→ Work request
Exactly the lines from the line that has "High Quality Adjustable" through the final line below are to be retyped, and the pictures are not.

→ Data to use

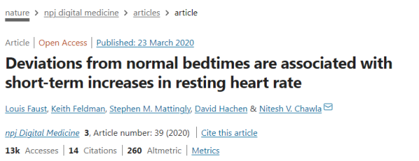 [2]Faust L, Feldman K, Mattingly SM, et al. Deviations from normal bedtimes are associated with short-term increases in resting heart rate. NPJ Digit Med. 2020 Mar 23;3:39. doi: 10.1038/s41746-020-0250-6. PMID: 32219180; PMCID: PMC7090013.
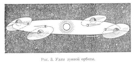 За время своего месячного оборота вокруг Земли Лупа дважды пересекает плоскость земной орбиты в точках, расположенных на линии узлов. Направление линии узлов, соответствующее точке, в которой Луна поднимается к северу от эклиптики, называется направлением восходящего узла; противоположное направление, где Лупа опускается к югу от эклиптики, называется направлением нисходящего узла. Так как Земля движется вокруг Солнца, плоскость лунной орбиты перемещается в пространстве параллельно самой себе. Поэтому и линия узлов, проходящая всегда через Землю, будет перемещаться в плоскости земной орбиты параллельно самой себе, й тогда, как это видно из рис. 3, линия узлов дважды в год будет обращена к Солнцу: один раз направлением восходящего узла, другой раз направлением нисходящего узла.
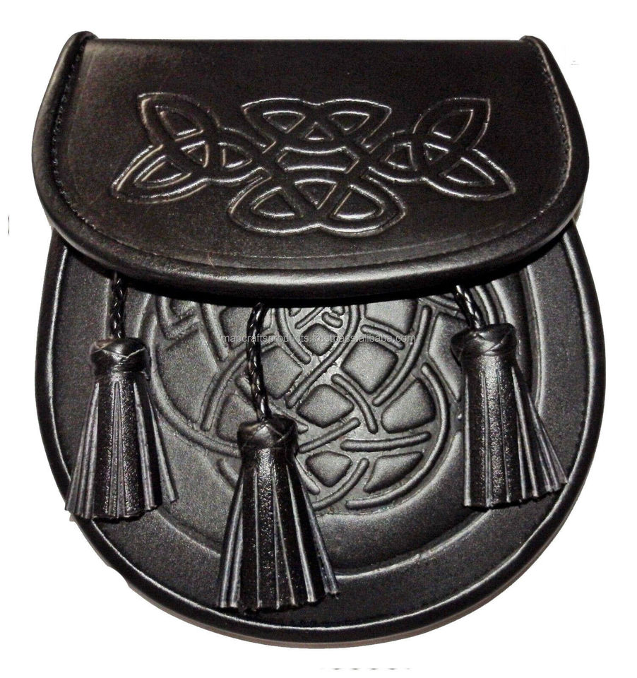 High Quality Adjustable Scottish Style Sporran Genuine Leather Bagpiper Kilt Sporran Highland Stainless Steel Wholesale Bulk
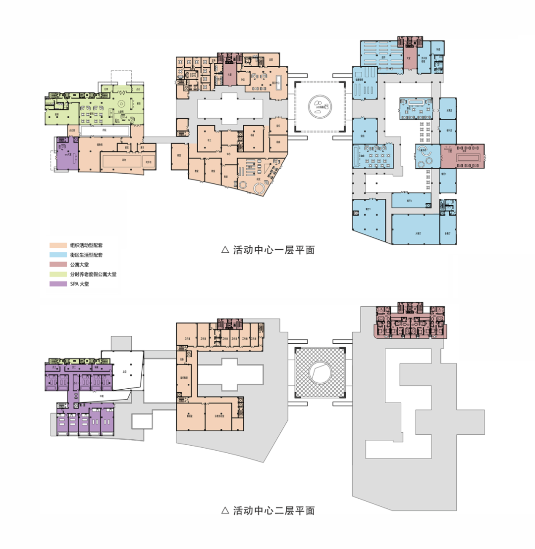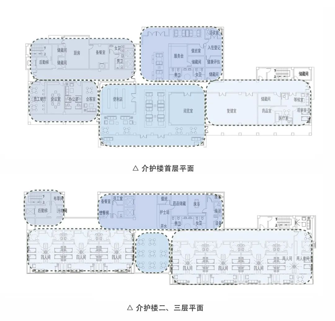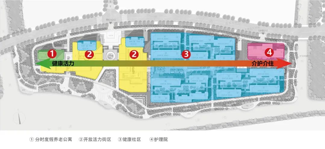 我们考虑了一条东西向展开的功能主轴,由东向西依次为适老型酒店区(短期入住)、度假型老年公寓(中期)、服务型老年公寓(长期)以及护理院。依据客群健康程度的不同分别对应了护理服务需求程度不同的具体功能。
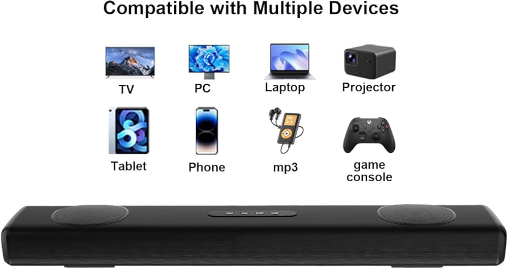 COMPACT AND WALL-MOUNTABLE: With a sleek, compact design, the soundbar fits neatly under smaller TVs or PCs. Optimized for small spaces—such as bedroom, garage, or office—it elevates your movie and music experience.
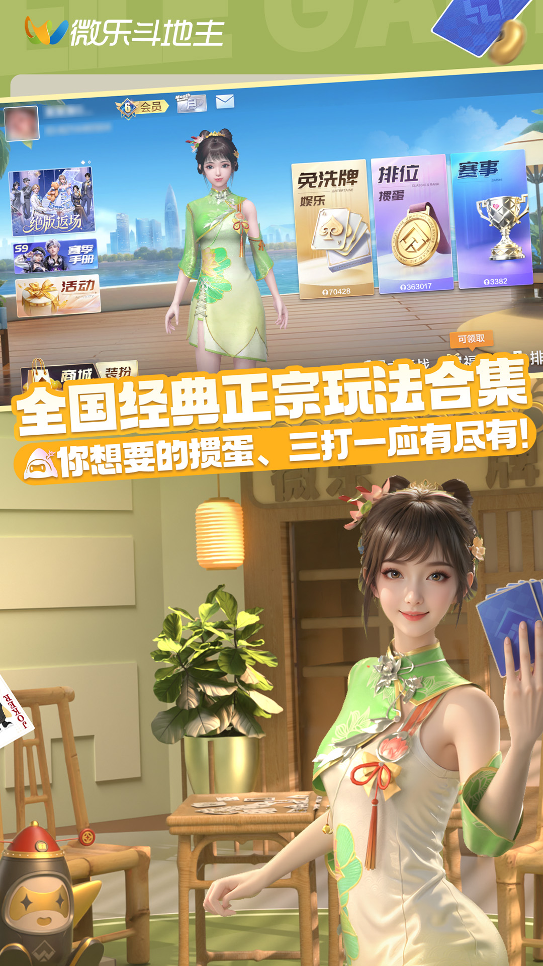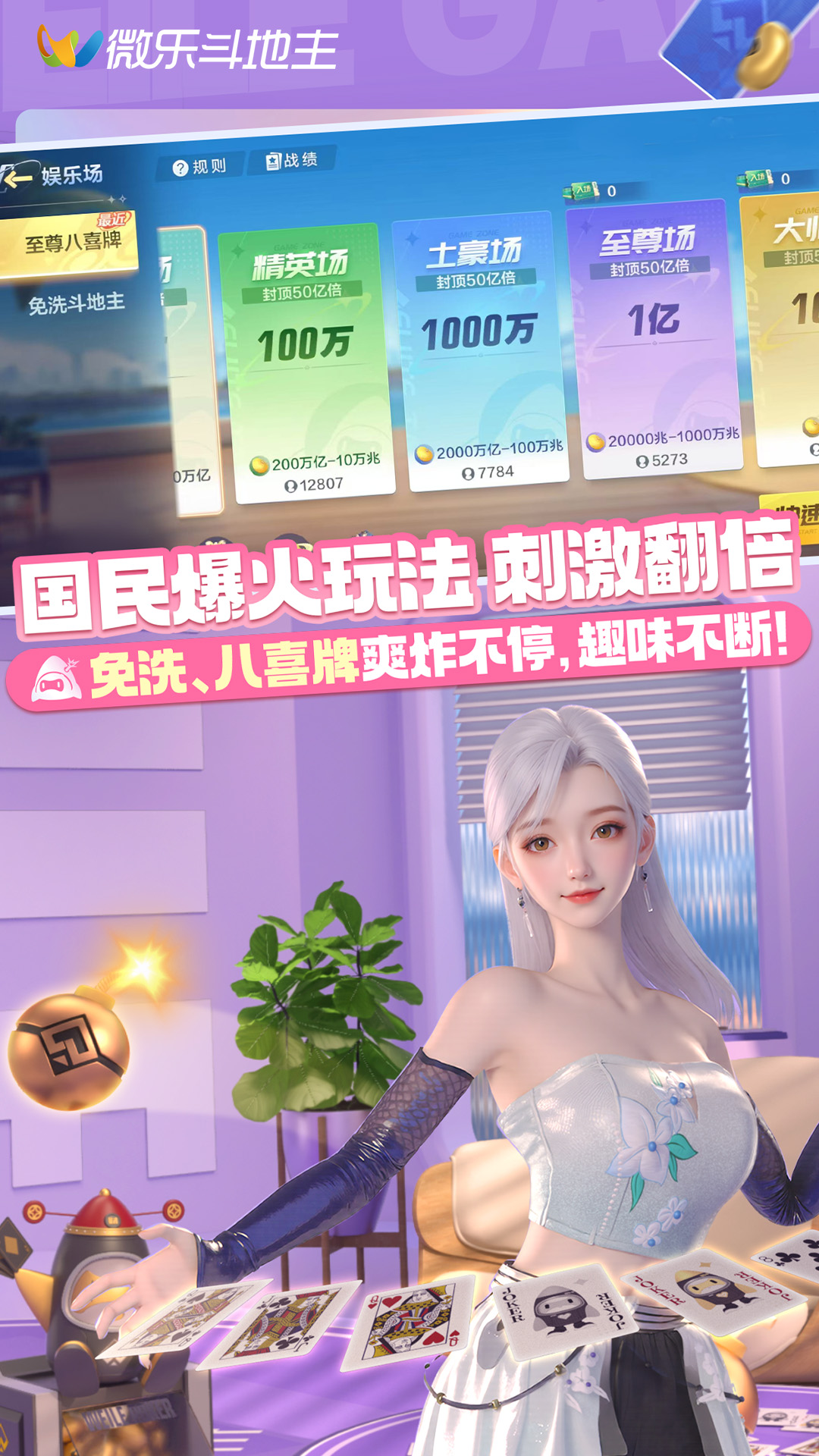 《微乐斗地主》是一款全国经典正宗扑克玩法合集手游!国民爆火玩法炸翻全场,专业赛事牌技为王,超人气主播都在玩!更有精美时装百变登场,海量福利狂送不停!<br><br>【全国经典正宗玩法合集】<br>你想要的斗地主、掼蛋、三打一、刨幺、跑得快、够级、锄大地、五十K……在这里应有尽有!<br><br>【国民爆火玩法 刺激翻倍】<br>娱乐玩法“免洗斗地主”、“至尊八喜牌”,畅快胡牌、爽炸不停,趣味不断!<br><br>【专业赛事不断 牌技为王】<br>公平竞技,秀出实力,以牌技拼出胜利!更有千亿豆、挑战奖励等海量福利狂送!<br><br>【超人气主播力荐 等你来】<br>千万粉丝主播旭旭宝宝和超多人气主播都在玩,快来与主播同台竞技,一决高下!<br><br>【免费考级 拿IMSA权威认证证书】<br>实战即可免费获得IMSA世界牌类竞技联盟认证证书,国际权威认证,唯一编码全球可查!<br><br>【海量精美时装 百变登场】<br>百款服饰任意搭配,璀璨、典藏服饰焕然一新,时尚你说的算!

→ Solution to this exercise
 High Quality Adjustable Scottish Style Sporran Genuine Leather Bagpiper Kilt Sporran Highland Stainless Steel Wholesale Bulk
 我们考虑了一条东西向展开的功能主轴,由东向西依次为适老型酒店区(短期入住)、度假型老年公寓(中期)、服务型老年公寓(长期)以及护理院。依据客群健康程度的不同分别对应了护理服务需求程度不同的具体功能。
 COMPACT AND WALL-MOUNTABLE: With a sleek, compact design, the soundbar fits neatly under smaller TVs or PCs. Optimized for small spaces—such as bedroom, garage, or office—it elevates your movie and music experience.
 《微乐斗地主》是一款全国经典正宗扑克玩法合集手游!国民爆火玩法炸翻全场,专业赛事牌技为王,超人气主播都在玩!更有精美时装百变登场,海量福利狂送不停!<br><br>【全国经典正宗玩法合集】<br>你想要的斗地主、掼蛋、三打一、刨幺、跑得快、够级、锄大地、五十K……在这里应有尽有!<br><br>【国民爆火玩法 刺激翻倍】<br>娱乐玩法“免洗斗地主”、“至尊八喜牌”,畅快胡牌、爽炸不停,趣味不断!<br><br>【专业赛事不断 牌技为王】<br>公平竞技,秀出实力,以牌技拼出胜利!更有千亿豆、挑战奖励等海量福利狂送!<br><br>【超人气主播力荐 等你来】<br>千万粉丝主播旭旭宝宝和超多人气主播都在玩,快来与主播同台竞技,一决高下!<br><br>【免费考级 拿IMSA权威认证证书】<br>实战即可免费获得IMSA世界牌类竞技联盟认证证书,国际权威认证,唯一编码全球可查!<br><br>【海量精美时装 百变登场】<br>百款服饰任意搭配,璀璨、典藏服饰焕然一新,时尚你说的算!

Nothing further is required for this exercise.